Measurement of low-dose active pharmaceutical ingredient in a pharmaceutical blend using frequency-domain photon migration

Frequency-domain photon migration (FDPM) measurements of timedependent light propagation are conducted to provide the powder absorbance for quantitative prediction of terazosin as the active pharmaceutical ingredient (API) in a low-dose (0.72 wt %) oral tablet formulation. Calibration of the FDPM-derived powder absorbance at discrete wavelengths of 514, 650, 687, and 785 nm was performed for API contents ranging between 0 and 1.5 wt % in mixtures showing maximum sensitivity at 650 nm.
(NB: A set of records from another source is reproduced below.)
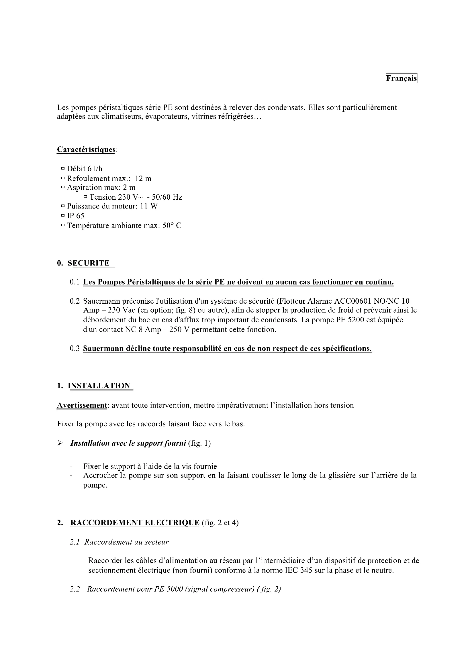 0.1 Les Pompes Péristaltiques de la série PE ne doivent en aucun cas fonctionner en continu.
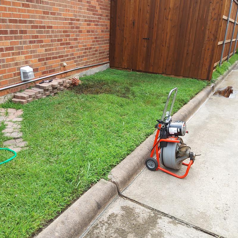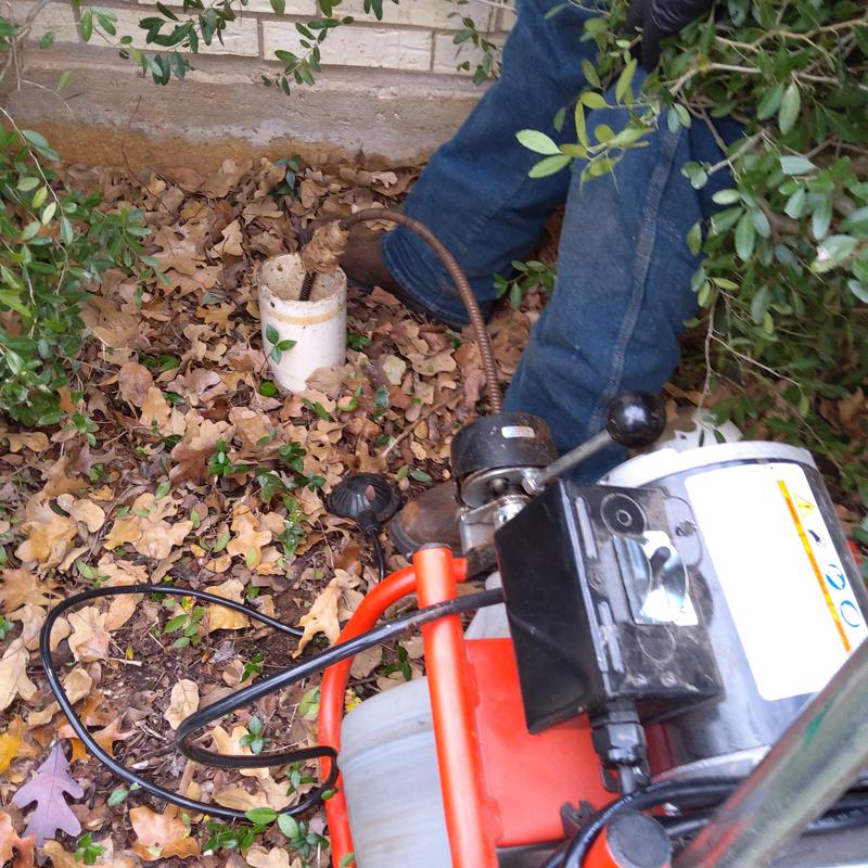 A technician from Plumb Shield Plumbing LLC ran a cable to clear a blocked sewer line through an exterior clean-out in Arlington, Texas. This service restored proper drainage and helped prevent further plumbing issues caused by line obstructions.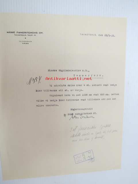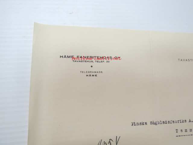 Häme Faneritehdas Oy, Tavastehus (Hämeenlinna) 29.5.1931 -liikekirje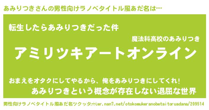あみりつきさんの男性向けラノベタイトル風あだ名をツクッター!
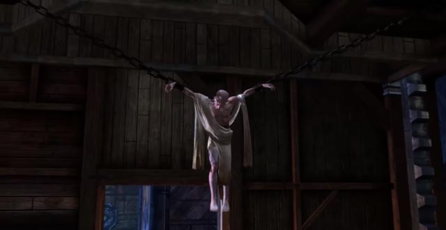 Un Dedalo incatenato nel suo stesso labirinto da Zeus, dopo l’apertura del Vaso di Pandora (again). Dedalo è inizialmente ignaro della dipartita del figlio Icaro, avvenuta per mano di Kratos in God of War II, ma quando ci vede con le sue ali capisce immediatamente, e gli si spezza il cuore.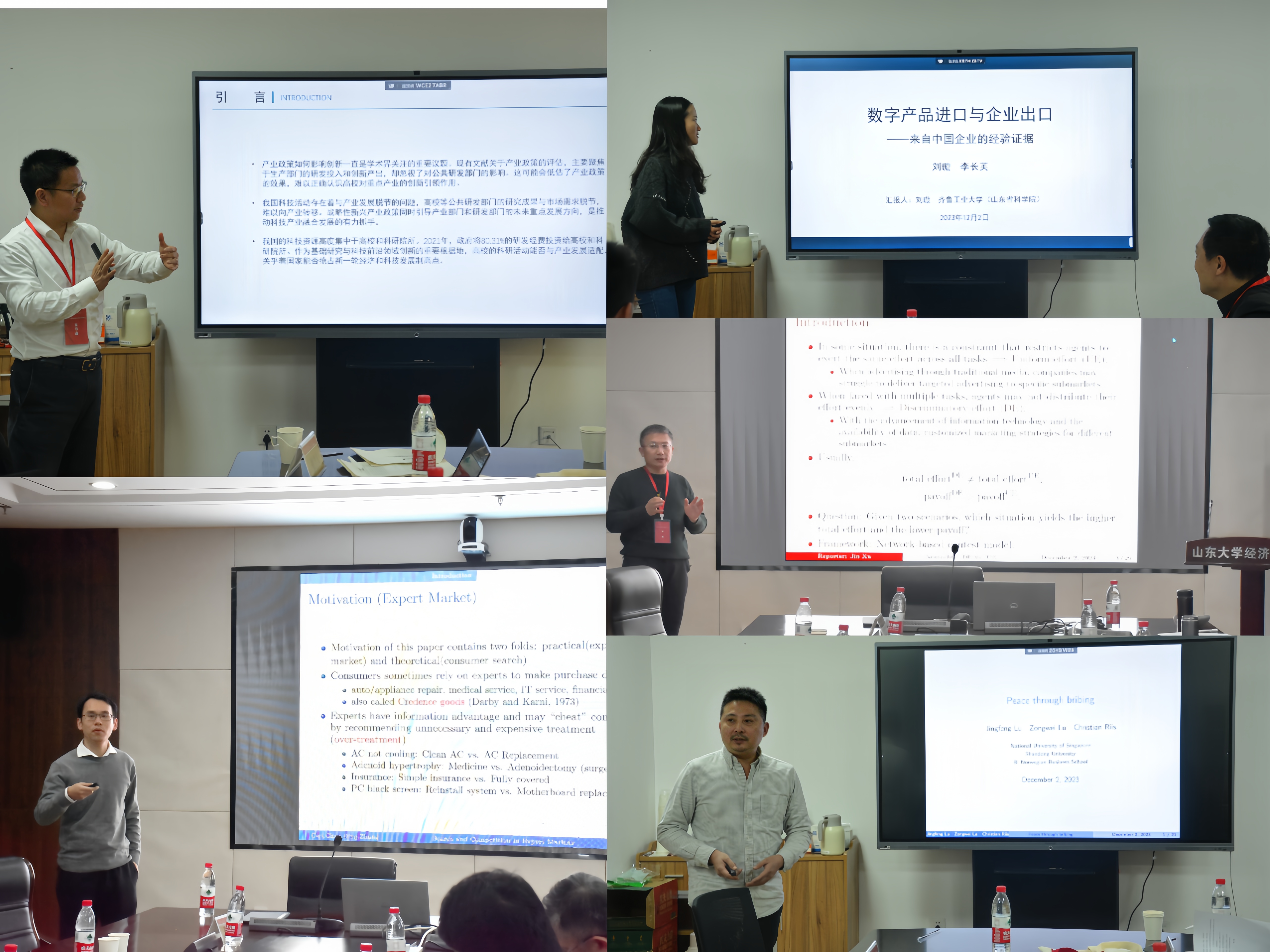 下半场报告环节由中南财经政法大学帅杰教授和暨南大学李杰教授主持。浙江大学宋华盛教授报告了论文《产业政策与高校创新——来自战略性新兴产业的经验证据》,聚焦于公共研发部门,分析了产业政策对高校专利产出的影响,以及对重点产业的创新引领作用。武汉大学丁宇澄副教授报告了论文《Search and Competition in Expert Markers》,通过构建经济学模型,分析了消费者依次搜索专家建议和处理问题价格所导致的市场竞争问题。齐鲁工业大学刘璇讲师报告了论文《数字产品进口与企业出口——来自中国企业的经验证据》,从企业、产品和市场三个层面,研究了数字产品进口对企业出口的影响和作用机制。3044am永利集团3044noc徐进副研究员报告了论文《Effort discrimination and curvature of contest technology in conflict networks》,通过关联网络竞赛模型,对比分析了一致性努力和差异化努力情况下参与者的均衡努力程度和均衡收益等问题。3044am永利集团3044noc卢宗威助理研究员报告了论文《Peace through bribing》,通过构建一个冲突抢占模型,分析了通过谈判实现和平的条件要求,比较了贿赂模型和请求模型的利弊。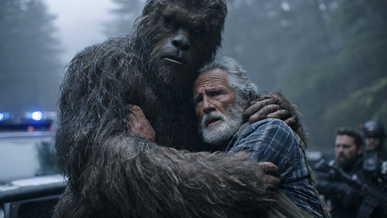 He lay wedged against a fallen Douglas fir, enormous, nine feet of dark hair matted with mud and crimson. His shoulders were too broad, his arms too long, his face wrong in a way that made my mind scramble. Almost human, but heavy-browed, wide-nosed, the jaw built for power. His eyes were amber and unmistakably aware, fixed on me with terror. The word “Bigfoot” floated up like a stupid joke from tabloids, but nothing about him was funny. He tried to rise and failed, and that’s when I saw the wound: a high-caliber gunshot torn through chest and shoulder. He wasn’t attacking me. He was waiting for me to finish him, one huge trembling hand lifted not as a threat but as a shield.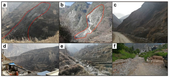 Main source of the Boshuigou debris flow: (a) landslide at the source; (b) rock collapse at the source; (c) collapse at the flow path; (d) slope erosion at the flow path; (e) deposits at the flow path; (f) deposits at the deposition area.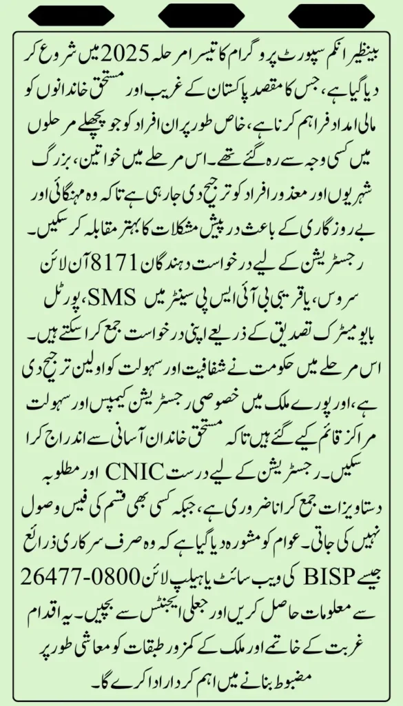 BISP Phase 3 is the third round of registrations under the Benazir Social Income Program, launched in 2025 to provide financial support to low-income and deserving families across Pakistan.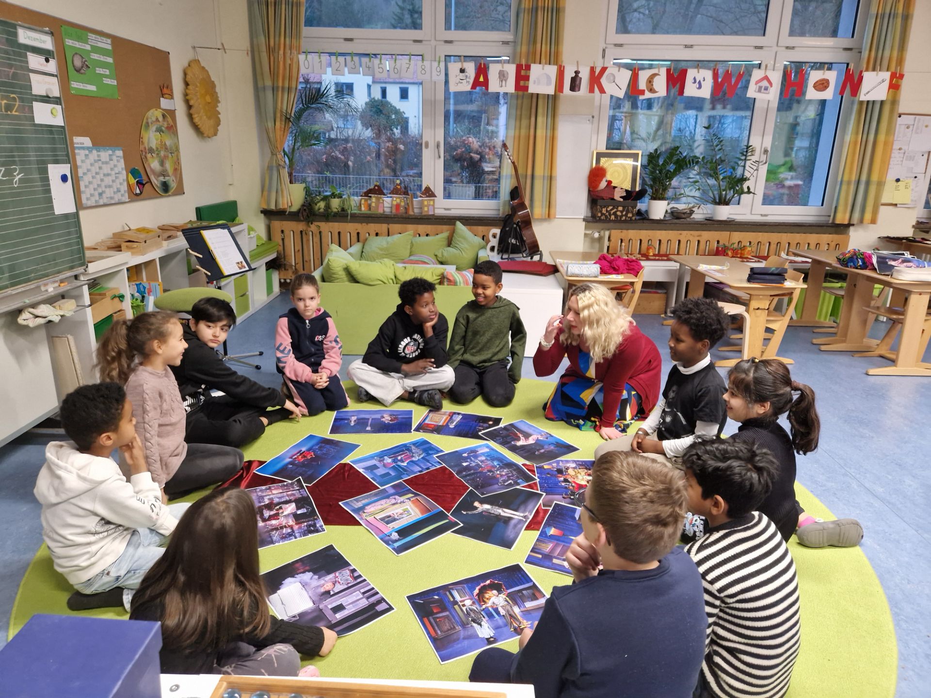 Am Dienstag, den 16.Dezember, war die Theaterpädagogin Jenny Holzer bei uns in der Schule. In Vorbereitung auf das Weihnachsstück " Momo" sprach sie mit den Kindern der ersten und zweiten Klassen sowie der Deutschklasse über die Figuren und die Handlung. Auch einige Szenenfotos konnten wir schon sehen. Wir sind gespannt auf dieses besondere Theaterstück und freuen uns auf Donnerstag.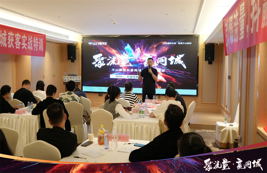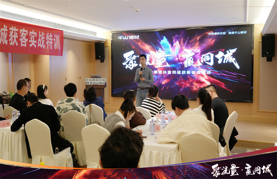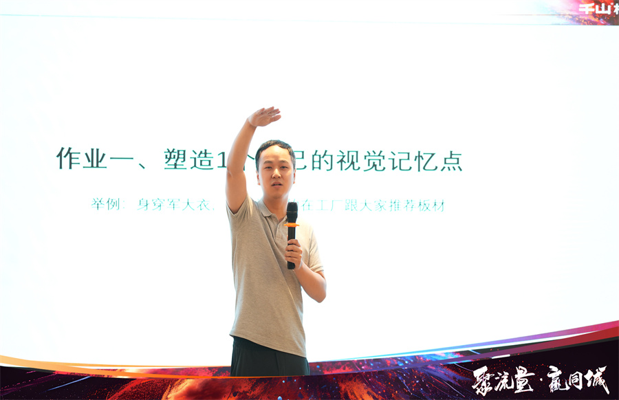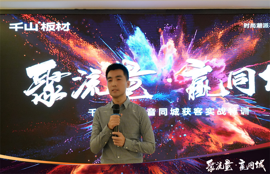 2024年千山著重發(fā)力線上渠道,通過抖音同城獲客引導(dǎo)經(jīng)銷商伙伴們突破自我,入局賽道,通過持續(xù)的線上轉(zhuǎn)化促進(jìn)業(yè)績增長。千山集團品牌運營中心于昆總監(jiān)為大家解讀了“板材生意”增長的“新渠道、新營銷、新增量”,通過多樣化的營銷策略,打造線上社媒傳播陣地,最終賦能終端。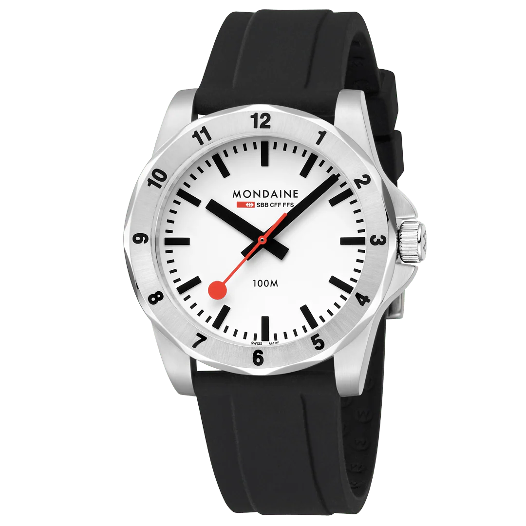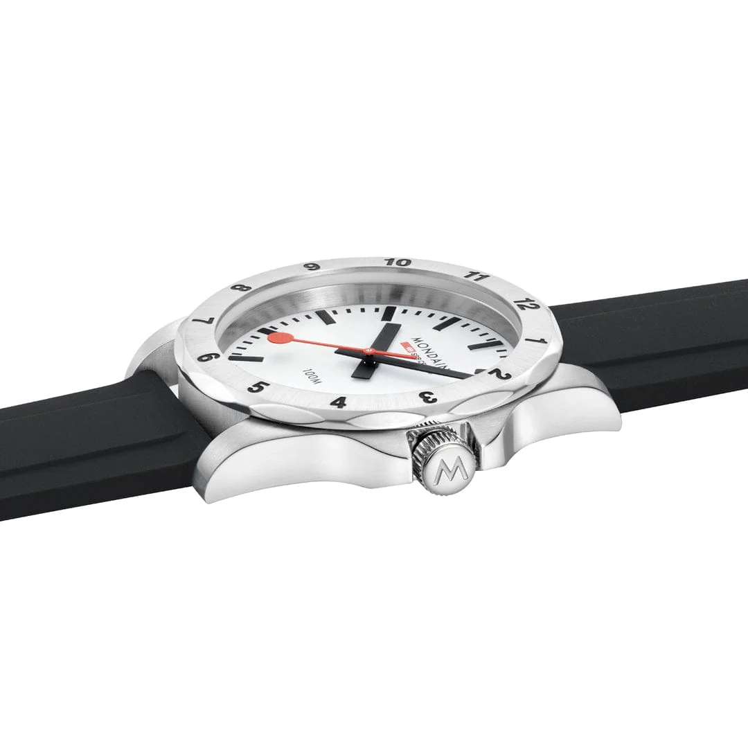 Die beeindruckende Numeri Uhr verfügt über ein 42 mm Edelstahlgehäuse mit einer markanten 12-eckigen Lünette. Die geometrische, mit Ziffern versehene Lünette verbessert die Ablesbarkeit und wird zu einem interessanten Designelement. Das klassische weisse Zifferblatt mit dem ikonischen roten Sekundenzeiger sorgt für mühelose Ablesbarkeit. Auch das entspiegelte Saphirglas und die BackLight-Technologie sorgen für optimale Sicht in allen Lichtverhältnissen. Das robuste Gehäuse mit brossierten und polierten Oberflächen wird mit einem passenden Edelstahl-Gliederarmband kombiniert. Diese Swiss Made Uhr ist bis zu 10 ATM wasserdicht und kann sowohl im Büro als auch für jedes Outdoor-Abenteuer getragen werden.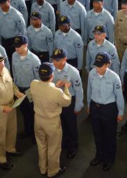 | Keywords: US Navy 050712-N-0962S-061 MCPON Terry Scott pins Enlisted Surface Warfare Specialist (ESWS) and Enlisted Aviation Warfare Specialist (EAWS) pins on nearly 50 Sailors.jpg en Persian Gulf July 12 2005 - Master Chief Petty Officer of the Navy MCPON Terry Scott pins Enlisted Surface Warfare Specialist ESWS and Enlisted Aviation Warfare Specialist EAWS pins on nearly 50 Sailors aboard the amphibious assault ship USS Kearsarge LHD 3 prior to an all hands call MCPON talked with Sailors about their changing and evolving missions in the Global War on Terror U S Navy photo by Journalist 1st Class Brandan W Schulze RELEASED 2005-07-12 050712-N-0962S-061 Navy http //www navy mil/view_image asp id 26149 U S Navy photo by Journalist 1st Class Brandan W Schulze PD-USGov-Military-Navy Aboard USS Kearsarge LHD-3 Terry D Scott |

The relative standard deviation (RSD) of FDPM absorption coefficient measurement at 650 nm in a well-mixed 1.08 wt % terazosin blend was <1.6%, of which no more than 0.12% arose from FDPM instrumental error and the remainder was attributable to the complete-random-mixture model. The applicability of FDPM as an on-line sensor for powder-blending operations was further evaluated by analyzing grab samples taken directly from five locations of a 2-cu-ft Gallay blender at intervals of 5 min within the blending process. FDPM results indicate that homogeneity was largely achieved in the first 10 min, during which the RSD of API content across five sampling locations decreased from 27% to 8%, and the RSD decreased to 5% after 25 min of blending. Evolution of homogeneity within the blending process assessed through FDPM measurements was fit to the first-order model of particle blending further evidencing applicability for monitoring powder-blending processes.